When someone asks what I do for a living, I love to reply, “I pull weeds for friends and — ” here I blow on my nails and polish them on my shirt — “teach doctors.”
For a number of years now, the Saint John Regional Hospital has held twice-yearly workshops to teach doctors in Eastern Canada to understand and use ultrasound equipment.
For a shorter number of years, the University of New Brunswick at Saint John (UNBSJ) has had a medical school.
Dandyknife works at both institutions.
At the med school, I’m a Simulated Patient (SP). The job of an SP is to act out a role and then supply feedback in order to help the students learn to deal with various emotions that patients bring with them to a check-up. Depending on the character, I’ve yelled, I’ve wept, I’ve sat rocking with depression or stock-still with distrust. The med students learn through these sessions to see a patient as a whole person instead of just a presenting complaint, to show concern instead of coldness, to heal instead of cure.
Across the parking lot, I am a pork chop with a functioning circulatory system. I put on a johnny-shirt, get squirted with cold blue goo, and let strangers pass a four-thousand-dollar probe over various body parts.
The ultrasound machines have evolved to the size and shape of laptop computers. Having started work at the patient-centred medical school, I must admit words failed me at my first ultrasound gig when my station’s teaching doctor, rearranging the bedside stand, momentarily balanced the ultrasound machine on the small of my back.

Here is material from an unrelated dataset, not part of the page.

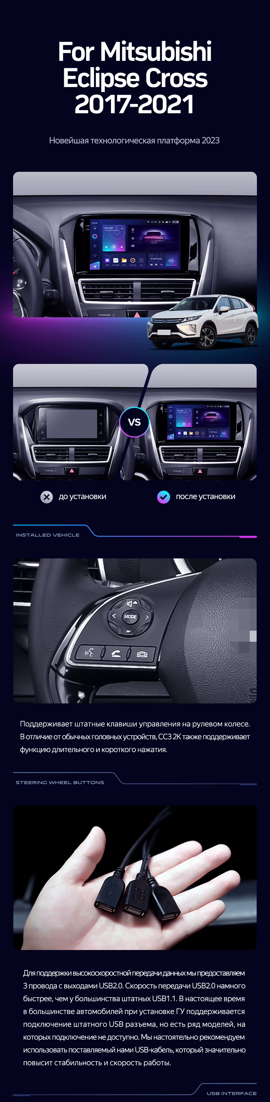 Штатная магнитола Teyes CC3 2K 360 6/128 Mitsubishi Eclipse Cross 1 (2017-2021) F1 - купить всего за 55 540 руб. в интернет-магазине во Владимире Teyes.com.ru. ✓ Самый лучший выбор мультимедиа ✓ Лучшая замена штатному ГУ ✓ Тел. +7 (800) 775-31-74

But it seems to me that attitudes are changing. And I wouldn’t be surprised if these new attitudes are due in part to our new med school, and the graduates who are now interning on the other side of the parking lot.
The second-last time I helped at an ultrasound workshop, the teaching doctors actually asked me and the other four live models our names. And this last time, not only had the room temperature been raised to humanly tolerable, but we rentable bodies each got a name tag!
And near the end of the day, one of the erstwhile old-school doctors spoke to me by name and asked me politely, “Dandyknife, could you be my neck? I’ve lost my other neck.”
“Yes, I’ll be your neck,” I replied with a smile, as I hopped up on the gurney.